This is a special version of the DASH output using the so-called "On-Demand" profile. (The "Dash" option is using the so-called "Live" profile, which is a confusing name, because the Live profile is used very well in the Video-on-Demand scenarios.) The On-Demand profile keeps all the chunks in a single file, i.e. there is a file for each video bitrate, for each audio language, and for each subtitles language. The manifest file in the root contains the byte-range access definitions.

Default structure of the output folder with a DashOnDemand project (click to expand)
+
|--- manifest.mpd
|--- dash +
|         |--- manifest.mpd
|         |--- video-H264-240-300k.mp4
|         |--- audio-bo.mp4
|         |--- audio-de.mp4
|         |--- audio-en.mp4
|         |--- subtitle-ar.mp4
|         |--- subtitle-de.mp4
|         |--- subtitle-en.mp4

MPEG2TS

MPEG2TS, or Transport Stream, is commonly used for broadcasting. This format encapsulates a single video, along with multiple audio and subtitle tracks, all within a single .ts file. Though it doesn’t offer built-in DRM support, it offers a seamless method to package and transmit several streams.

Important

MPEG2TS does not support built-in Digital Rights Management (DRM). If content protection is essential for your use-case, consider using alternative formats or additional protective measures outside the stream itself.

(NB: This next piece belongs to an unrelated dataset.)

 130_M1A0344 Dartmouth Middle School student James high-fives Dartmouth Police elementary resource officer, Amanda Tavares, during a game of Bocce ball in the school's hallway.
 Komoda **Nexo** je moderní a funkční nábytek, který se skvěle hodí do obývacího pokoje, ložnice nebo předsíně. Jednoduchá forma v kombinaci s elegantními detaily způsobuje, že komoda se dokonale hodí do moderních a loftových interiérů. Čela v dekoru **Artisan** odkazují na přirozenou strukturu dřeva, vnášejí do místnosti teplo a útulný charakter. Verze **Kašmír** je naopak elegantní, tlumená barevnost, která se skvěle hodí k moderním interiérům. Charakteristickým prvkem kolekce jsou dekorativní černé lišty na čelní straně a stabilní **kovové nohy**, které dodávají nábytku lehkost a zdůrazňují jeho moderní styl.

The output folder for an MPEG2TS project will house a singular .ts file that will encompass all its video, audio, and subtitle tracks.

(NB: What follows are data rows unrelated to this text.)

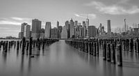 Manhattan in zwart wit, gezien vanaf Brooklyn Bridge park. Lange sluitertijd met ND filter.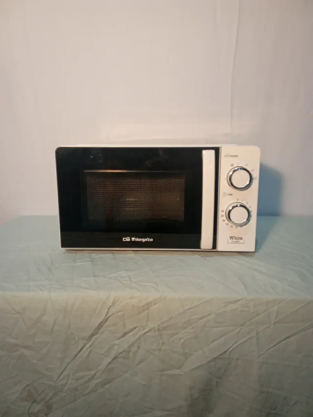 Microondas de la marca Orbegozo en color blanco. Cuenta con dos mandos giratorios para ajustar la potencia y el tiempo.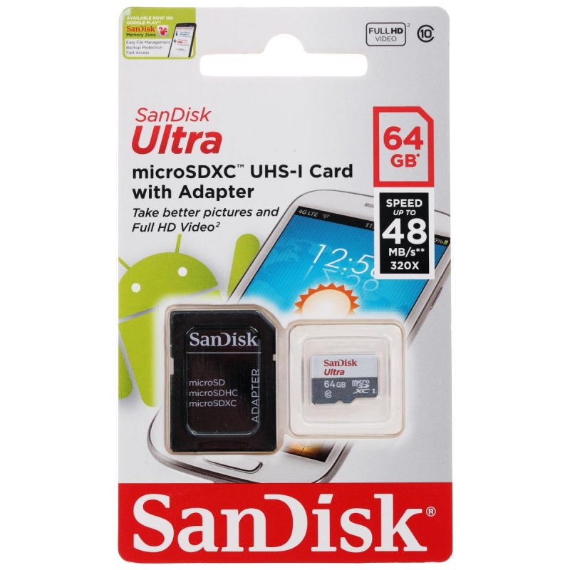 FLASH MicroSD 64GB SANDISK Class10 +SD адаптер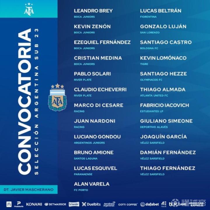 阿根廷国奥队将参加今年夏天的巴黎奥运会,日前已经公布了大名单,备受关注的恩佐-费尔南德斯和加纳乔都不在初选大名单上。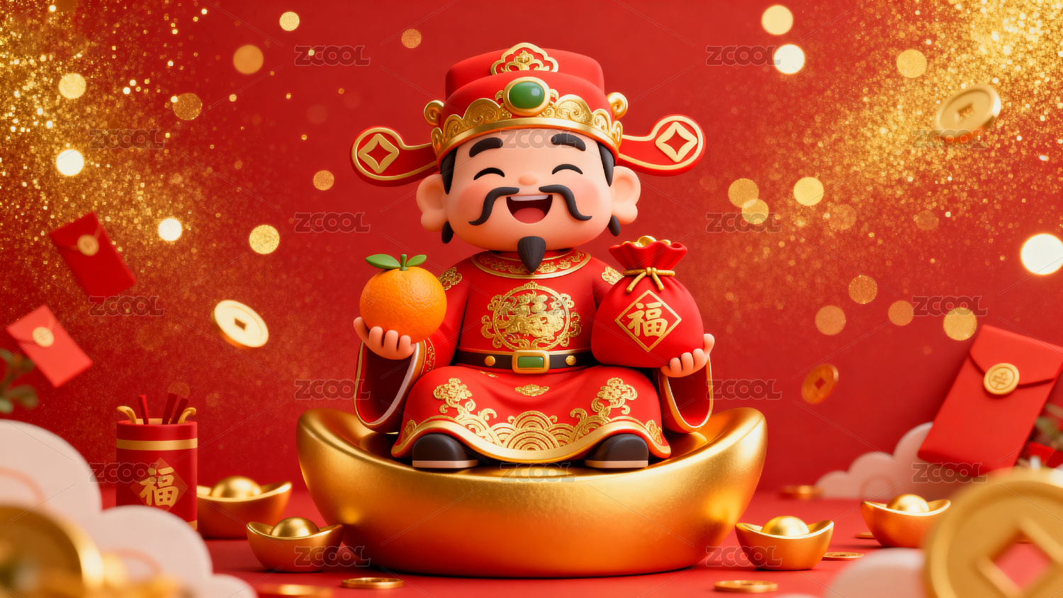 春节财神爷身穿红袍驾云撒元宝
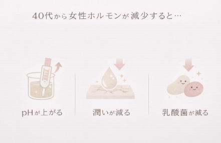 • pHが上がり、バリアが崩れる(中性に近づき、雑菌のパラダイスに)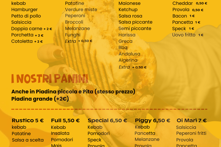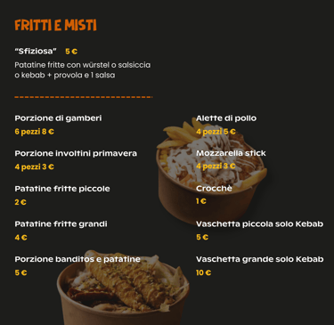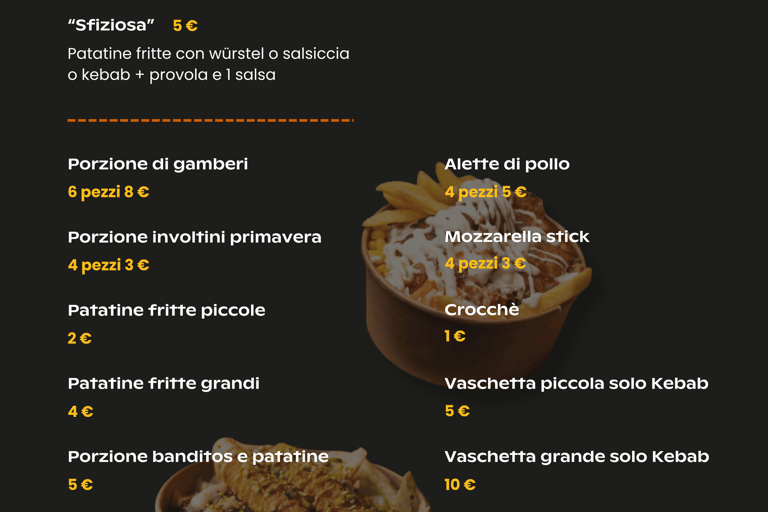 Patatine fritte con würstel o salsiccia o kebab + provola e 1 salsa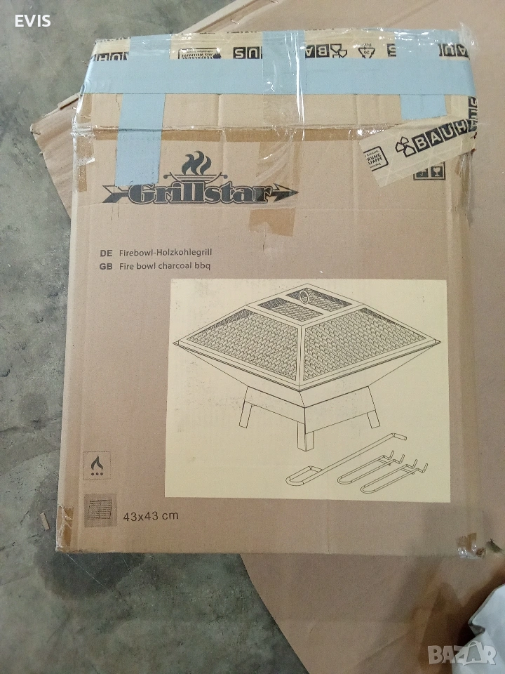 Grillstar Огнище с Грил (43х43 см) – Внос от Германия ​Продавам практично комбинирано огнище и барбекю на дървени въглища Grillstar. Продуктът е част от разнообразна палетирана стока, внесена директно от Германия. ​Основни характеристики: ​Размери: 43 х 43 см (компактно и удобно за всяка градина или тераса). ​Функционалност: Може да се използва като огнище за уют или като класическо барбекю. ​Комплект: Включва предпазна решетка против искри и аксесоари за безопасно боравене. ​Състояние: ​Продуктът е нов, но има козметични забележки – леки надрасквания в зоната за горене на въглищата (видими на снимките). Цената е съобразена със състоянието му! ​Доставка: ​Изпращам бързо и сигурно с Еконт или Спиди с опция преглед преди плащане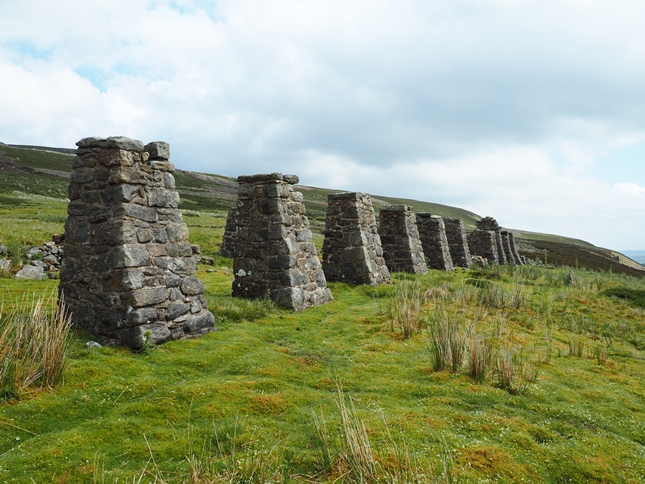 After less than a mile of easy walking we arrived at the site of the Old Gang Smelt Mill. One of the most substantial remains of the Swaledale's lead mining heritage, the Old Gang complex is quite fascinating and for students of industrial archaeology a must. After pottering about a bit in the main complex I also took a detour a bit further along the path up to a series of stone columns, apparently the remains of an old peat store, but which today look like a row of giant stone trig columns. A bit further along I then took a careful look inside one of the mining levels.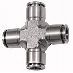 X-Steckverbindung, für Schlauch-Außen-Ø 10 mm, Arbeitsdruck max. 20 bar, Edelstahl 1.4404. Für den Einsatz in aggressiven Umgebungen und bei korrosiven Medien, welche sowohl in der Chemie- und Lebensmittelindustrie als auch im Bereich Verpackung, Druckerei und Seefahrt zum Einsatz kommen.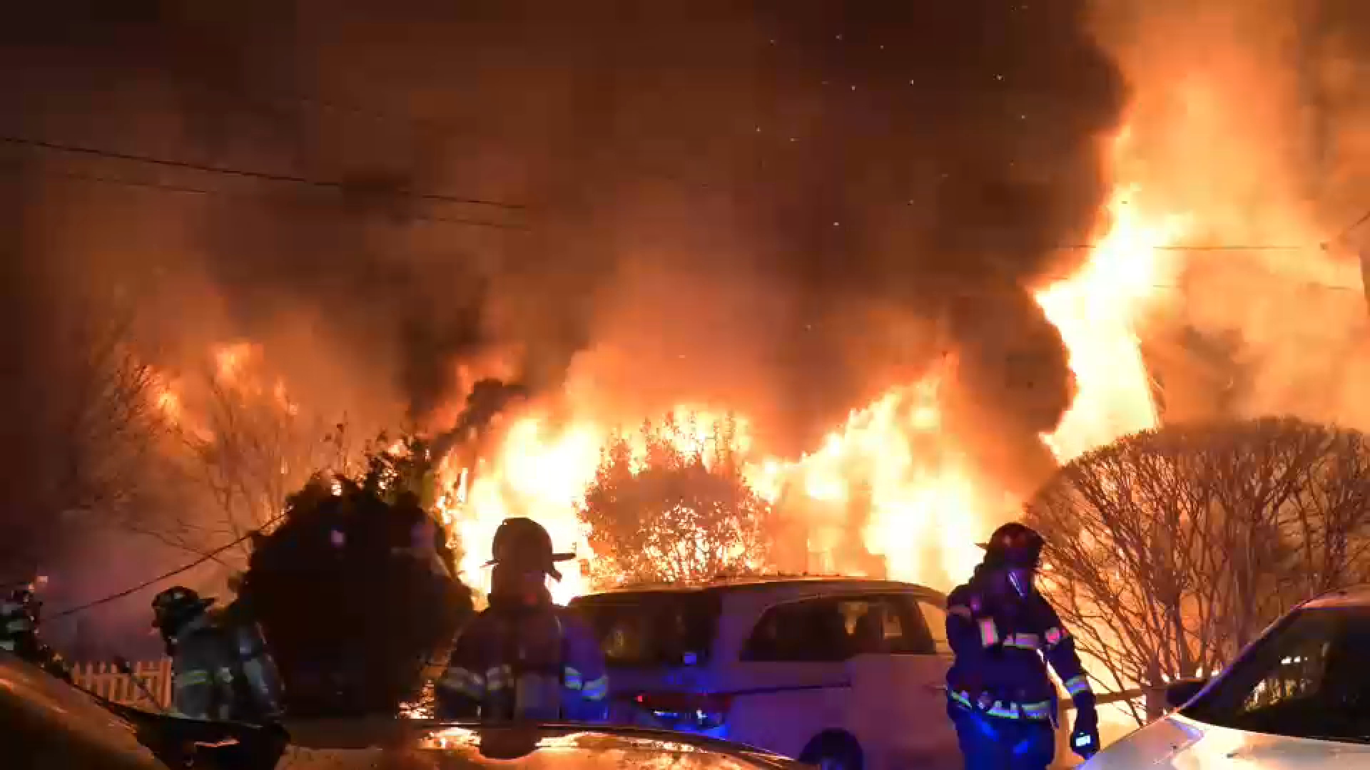 The fire initially broke out at a home off Chapman Avenue in Bellmore, New York, around 4:30 a.m.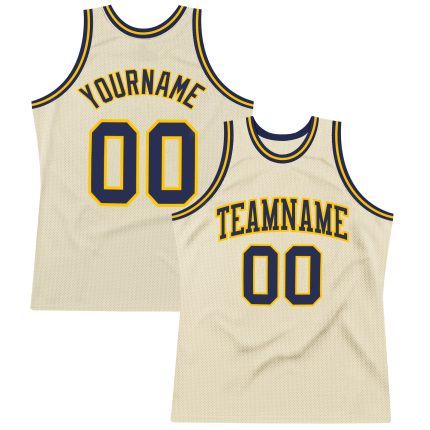 Custom Navy Gold Basketball Jersey – Authentic Throwback Design, Cream Color Custom Cream Navy-Gold Authentic Throwback Basketball

Default structure of the output folder with an MPEG2TS project (click to expand)

|--- video-H264-240-320k.ts

Note

While MPEG2TS is a versatile format capable of containing numerous streams, it misses out on some of the advanced adaptive streaming features present in newer formats like DASH and HLS. Nonetheless, it is a reliable choice for specific broadcasting scenarios or when catering to platforms that particularly demand the .ts format.

Bitrates

In adaptive streaming, several representations are created for a video with different quality levels. The quality levels are defined by frame resolutions. The higher the resolution, the higher the quality and hence the bitrate (amount of information which needs to be transferred to the player per second). Every representation is segmented into small "chunks" (10 seconds each). Every chunk of every representation is stored in a separate file, e.g. video-H264-360-800k_3.m4s. At runtime, the player dynamically decides for each point in time from which representation (bitrate) it downloads a specific chunk. This decision depends on the CPU and network load, i.e. the player adapts to the CPU and network load (hence the adaptive streaming).

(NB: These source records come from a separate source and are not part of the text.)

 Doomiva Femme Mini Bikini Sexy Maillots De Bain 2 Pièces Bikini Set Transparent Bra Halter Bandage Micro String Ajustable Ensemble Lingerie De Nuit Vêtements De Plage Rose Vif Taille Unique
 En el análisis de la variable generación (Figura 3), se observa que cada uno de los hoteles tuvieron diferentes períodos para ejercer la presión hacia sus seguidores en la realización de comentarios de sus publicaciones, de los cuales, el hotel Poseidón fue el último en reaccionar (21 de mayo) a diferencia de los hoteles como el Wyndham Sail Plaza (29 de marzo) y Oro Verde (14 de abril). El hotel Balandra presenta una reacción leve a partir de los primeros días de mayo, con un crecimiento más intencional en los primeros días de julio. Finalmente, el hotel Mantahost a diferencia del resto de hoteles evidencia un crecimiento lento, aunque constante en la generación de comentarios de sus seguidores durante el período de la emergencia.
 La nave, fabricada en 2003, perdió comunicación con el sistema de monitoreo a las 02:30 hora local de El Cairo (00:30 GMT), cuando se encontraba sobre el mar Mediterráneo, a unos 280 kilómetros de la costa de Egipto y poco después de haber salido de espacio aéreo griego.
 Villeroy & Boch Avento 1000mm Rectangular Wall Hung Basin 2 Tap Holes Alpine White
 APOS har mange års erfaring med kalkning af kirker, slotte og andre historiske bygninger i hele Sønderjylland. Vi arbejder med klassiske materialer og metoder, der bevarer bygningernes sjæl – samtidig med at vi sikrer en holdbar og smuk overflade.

During encoding, the Encoding Service has to decide which quality levels to generate. If nothing is specified in the job description, it will use a pre-defined default set of the quality levels (bitrates), derived from Axinom’s experience of building video delivery solutions. See Default Bitrates for more information.

This default can be overridden using the element ContentProcessing/VideoRepresentations:

{
    "ContentProcessing" : {
        ...
        "VideoRepresentations": [
            {
                "Height": 720,
                "BitrateInKbps": 1500
            },
            {
                "Height": 480,
                "BitrateInKbps": 800
            }
        ]
    }
}

It is enough to provide either Width or Height - the other value will be selected to preserve the aspect ratio.

Note
In no case will the Encoding Service produce the output with a higher resolution than the input material. The requested quality levels with a higher resolution than the source will be ignored. If all the requested levels are higher than the source, a single highest possible resolution will be created.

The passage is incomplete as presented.